Women who are in positions of power and are claiming their spaces at the level of corporate leadership is a much recent phenomenon. Much like the other industries, the representation of women in the IT industry is low and needs a careful relook. The mindsets of people and society are evolving slowly, and that seems reassuring. Women are taking charge of their narratives and also the reins of multiple venture funding firms. We are catching up fast and how!
In the current environment, when funding will be more difficult to secure for most startups, could female founders find it tougher to raise capital?

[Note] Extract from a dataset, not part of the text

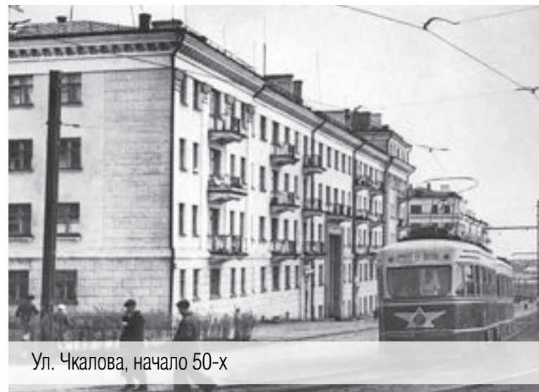
Ул. Чкалова, начало 50-х

Истинных патриотов, любящих свою малую родину, знающих её историю, очень много

The simple answer is “no”. People these days look beyond the individual and are far more invested in your idea and the power you have to execute. With their vision focused on their goal and objectives, they look beyond the gender of the person who will get them to the finish line. It is your ethics, power of innovation, and ingenuity that will get you across.
How can we work to change the culture and mindset within the venture capital industry to be more inclusive and supportive of female founders?
Do we need to? Venture capitalists with experience know what they are looking for — the idea, the experience, and the sheer grit to execute. If they find these in the founders, there is no stopping. Many times, founders are close to the idea and passionate about the technology, but they also need to have business acumen and know their math. So irrespective of being female or male, founders have to be thorough with their business proposal, market and competition details, and execution plan. These are the key factors that will make investors believe in you.
In your opinion, what are some of the most important factors that investors should consider when evaluating a startup, regardless of the founder’s gender?
As I mentioned, investors look for the novelty of the idea, the commitment, capability and determination to bring it to life, and also the drive to continue to excel among founders. Background and gender do not really matter.
How has being a female entrepreneur influenced your leadership style and approach to running a business?
Every organisation and its leaders should keep looking for gaps that prevent their environment from being one that provides equal opportunity. We can concentrate on macro-level measures, but I think the true change must come from within the people who constitute the organisation. The leadership must eliminate inequality and gaps of lack of opportunity wherever they exist, irrespective of whether they are caused by written policies or unspoken rules. We have formed workgroups among women leaders at JIFFY.ai to listen closely to our employees and to continue raising awareness and sensitivity about gender issues within the company.
The importance of having mentors in their lives and connecting with women’s leadership forums are thoughts that I pass on often to my female coworkers. These aid in both identifying problems and bringing them into proper focus. If there still are any prejudices, I think the industry we work in is mature enough to recognise them and address them as and when they are brought to light.